Replidyne and Cardiovascular Systems (CSI) have entered into a definitive merger agreement under which CSI will merge with Replidyne in an all-stock transaction.
The move will allow CSI to become a publicly-traded company without having to complete an initial public offering. The St. Paul, Minn.-based company filed to go public in January, with plans to raise $86.2 million. However, it withdrew its IPO Tuesday, in conjunction with the merger announcement.
Under terms of the agreement, the Louisville, Colo.-based Replidyne said it will issue new shares of its common stock to CSI shareholders, whereby former CSI shareholders are expected to own 83 percent of the combined company, and Replidyne shareholders are expected to own 17 percent of the combined company on a fully diluted basis, using the treasury stock method, subject to adjustments as described in the merger agreement.

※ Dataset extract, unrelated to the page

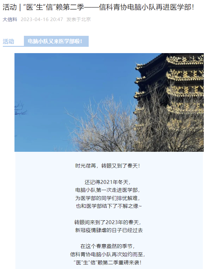 信科青协和医学部青协双方高度重视此次联合活动,提前进行了详细的沟通和安排。在总结了往年历次电脑小队活动经验的基础上,本次活动采用“微讲座+问答交流+现场维修”的创新形式,并在维修阶段开放观摩机会。4月16日,医学部青协在公众号“北医青协”上、信科学院在公众号“大信科”上同步发布活动推送,多方位展开宣传,收集同学们的维修需求。

“Executing this transaction with Replidyne is an expedient way to take our company into the public market and generate a capital infusion for future growth. With an estimated $35 million to $40 million in additional cash and investments from the merger, we can further expand our sales and marketing organization and infrastructure to drive revenue growth and continue to invest in product development for future market expansion,” according to David L. Martin, president and CEO of CSI.
The boards of directors of both Replidyne and CSI have unanimously approved the transaction, which is subject to customary closing conditions, including approval by the shareholders of each of Replidyne and CSI. The companies said that the merger agreement contains certain termination rights for both Replidyne and CSI.